La Bataille de Gaulle : J’écris ton nom, biopic français co-écrit et réalisé par Antonin Baudry, 2026. Il s’agit de la suite du film La Bataille de Gaulle : L’Âge de fer et la deuxième partie du diptyque, consacré aux années 1943-1944. Adapté de l’ouvrage de Julian T. Jackson, De Gaulle : une certaine idée de la France, (trad. Marie-Anne de Béru, Paris, Seuil, 2019). Avec Simon Abkarian, Niels Schneider, Simon Russell Beale, Anamaria Vartolomei, Thierry Lhermitte.

Thèmes

France, guerre, morale, politique.

Comme le premier volet (tout proche) et peut-être plus encore, le spectateur pourra être agacé par quelques parti-pris. Mais autant que le premier, il sera sans doute saisi par la grandeur d’un homme qui a fait la grandeur de son pays.

 

  1. Passons brièvement sur le premier point. Pourquoi emprunter à Paul Éluard non seulement le titre du film, mais la longue citation finale ? Certes, le poème Liberté, paru clandestinement en 1942, est un appel à la résistance.
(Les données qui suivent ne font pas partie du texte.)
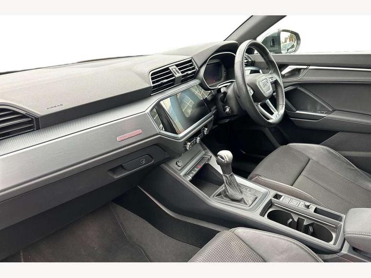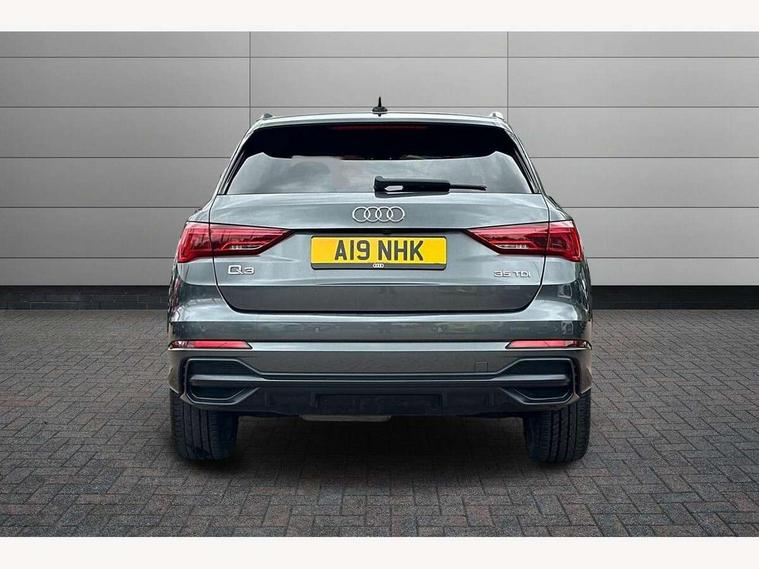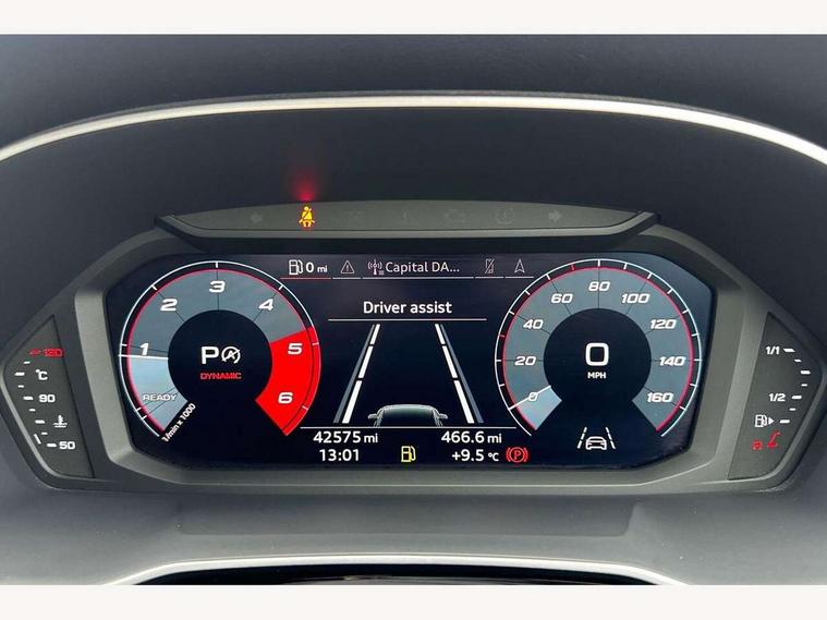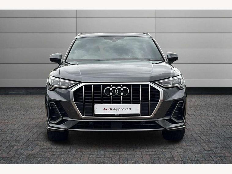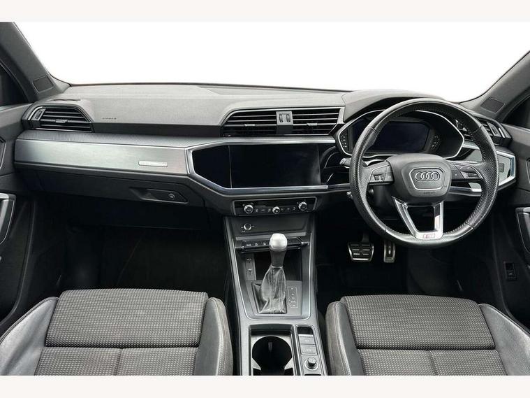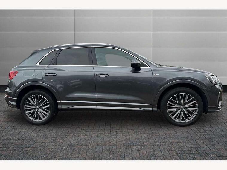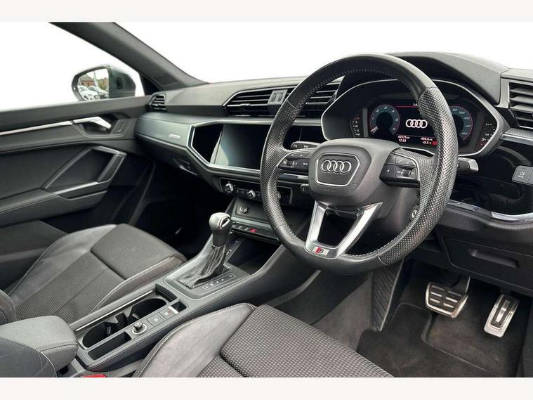 Audi connect safety and service (e-call), Audi drive select, Audi lane departure warning, Audi side assist, Audi smartphone interface, Audi Virtual Cockpit - 10.25" display, Bluetooth interface, MMI navigation plus with MMI touch, Power opening/closing tailgate, Progressive steering, Service interval indicator, Stop/start system, Voice control system, Diesel particulate filter, DAB digital radio module, Acoustic windscreen, Aluminium roof rails, Aluminium window trim, Auto dimming rear view mirror, Body colour door mirrors, Body coloured bumpers, Diffuser in matt Platinum grey, Electrically adjustable and heated door mirrors with integrated LED side indicators, Front and rear electric windows, Front fog lights, Front side air inlets in matt platinum grey, Front spoiler blade in matt platinum grey, Grille vertical bars in aluminium silver/Matt, High gloss black finish B and C pillars, Privacy glass, Rain and light sensors, Rear diffuser strip in selenite silver, S Line badge on wings, S Line front and rear bumpers, Side skirt insert in matt Platinium grey, Titanium black radiator grille, 12V socket in rear centre console, 40:20:40 split folding rear bench seat, Adjustable rear seat bench/backrest with centre armrest and cupholder, Aluminium door sill trims, Black cloth headlining, Dual zone climate control, Front and rear black floor mats with contrast stitching in rock grey, Front and rear headrests, Front centre armrest with storage compartment and angle adjustment, Illuminated door sill trims with S logo, ISOFIX child seat mounting and Top Tether with front passenger airbag deactivation, Perforated leather gearknob, Stainless steel luggage compartment sill finisher, Stainless steel pedals, Non smoking pack - Q3, 3x3 point rear seatbelts, 6 airbags - Driver, front passenger, curtain and side windows, Audi pre-sense front with pedestrain and cyclist recognition, Electronic stabilisation control including ABS, ASR and EDL, Hill hold assist, Pre sense basic, Seatbelt monitoring, Tyre pressure warning, Warning triangle and first aid kit, Anti theft alarm, Anti theft wheel bolts, Remote central locking, Dark matt brushed aluminium inlay, MMI touch colour display in gloss black with aluminium surround,

Mais pourquoi avoir préféré les paroles moins connues d’un poète communiste à celles d’un de Gaulle qui ne l’était assurément pas, paroles fameuses entre toutes qui ont salué la libération de la capitale et donc plus conformes à l’objet même de cet épisode ? Pourquoi nous infliger en direct les scènes atroces de torture de l’héroïque Jean Moulin, alias « Rex », ajoutant l’horreur à la colère ? Pourquoi sombrer dans le manichéisme entre méchants vichyssois et bons résistants, sans indulgence pour l’histoire ni compassion pour une période troublée par les conflits de loyauté et pas seulement compromise par les tendances à la lâcheté et un irrecevable antisémitisme ? Depuis les origines, l’Église se méfie de ces montanistes et de ces cathares qui jugent avec intransigeance les plus faibles et les plus aveuglés au point de leur refuser le salut.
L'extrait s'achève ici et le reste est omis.